So, back to my original plan for today.  I did some really cool stuff at Penned Con that I am planning to share.  I was planning to start on Monday,  but I was exhausted. Sorry –  not going to make any excuses. I was wiped. The adrenalin rush subsided and I was drained.  So scratch Monday.

Yesterday I had a car, so I was in a mad scramble to get all of my errands completed. I got a couple of hours of writing time  in the morning, then it was off on a big circuit to the shops, grocery store, bank, post office, and I forgot to stop at the library.

This morning,  I get feedback from individuals that  I talked with at Penned and their first impressions of me were based on comments made by another individual. Wow! Thanks for that. It may seem like I don’t handle change well but in fact, I do.  I talk about it, talk about my frustration with it,  but I manage it. If I didn’t handle it I would need a prescription for Xanax or one of those other things daily. Of course, as it was also pointed out if I were to take the Xanax,  then I probably wouldn’t stress eat.

Xanax versus brownies . . .  I am fond of brownies. Not as fond of the chemicals in the drugs. I need all the brain cells I can muster.  I freely admit I am a long time self-medicator with food. Now put my  brownies back on the table and back away slowly and no one will get hurt.

Plans change. We adapt. We make new plans. Life throws us a curve ball,  we bunt. It throws a speedball, we hit a homer! Sometimes we strike out,  but sometimes it’s a grand slam.

What about you? Are you adapting? Are you still in the game or are you sitting on the bench wringing your hands?  I haven’t given up yet, you shouldn’t either. Take a deep breath and get back in the game!

Write on my friends, write on!

Ellie

 

Time to Destress


The  local school district started back on their school year  on Monday which also coincides with my daughter returning for her college semester. I thought this was a good time to implement changes in my own schedule.

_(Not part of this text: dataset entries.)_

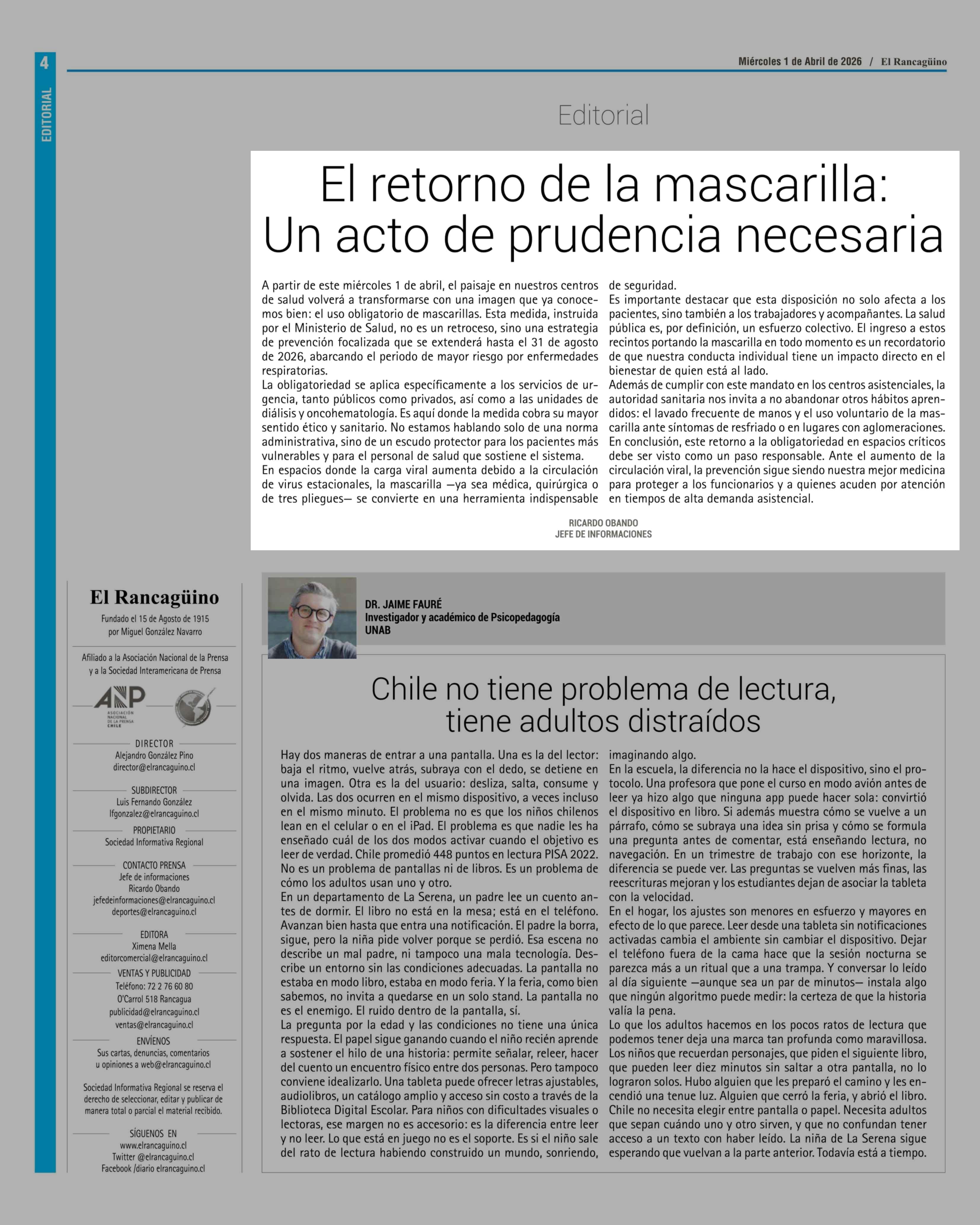 Editorial: El retorno de la mascarilla: Un acto de prudencia necesaria 01-04-2026 El Rancagüino |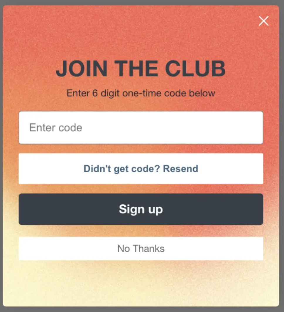 Configure Smart Opt-in on Klaviyo sign-up forms to remove friction from the SMS consent collection process. When a site visitor enters their phone number into your form, a 6-digit authentication code will be sent to their device. They then enter that code into the form to confirm their SMS subscription.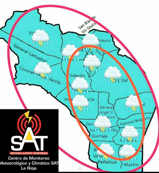 Los departamentos Rosario Vera Peñaloza, General San Martín, General Belgrano, General Ocampo, General Juan Facundo Quiroga, General Ángel V. Peñaloza y Chamical se encuentran bajo alerta por el desarrollo de tormentas que comenzarán este lunes por la noche y persistirán durante la madrugada del martes. Algunas podrían ser localmente fuertes, con probabilidad de lluvias intensas, tormentas eléctricas, ocasional caída de granizo y ráfagas de viento.

I had every intention of making a post on Monday, and on Tuesday, and on Wednesday . . .  you get the idea. Wow, cray cray comes out to play when you decide to make improvements. Has anyone ever experience this?  It’s like, as long as you exist in the current chaos karma doesn’t notice you.  Let me stop right there for a moment.

I know in the Christian community it is frowned upon to refer to karma however, for all intents, karma is a non-Christian way of explaining a very Christian phenomenon. The Bible clearly states that ‘whatsoever you sow, that also shall ye reap’. In other words – what goes around comes around. In still other words – karma is a bitch! Do good – get good. Do bad – get bad.  It’s a simple concept that is universal, not exclusive to the Christian community. So, if you are going to get all bent out of shape for using the term, I don’t know what to tell you.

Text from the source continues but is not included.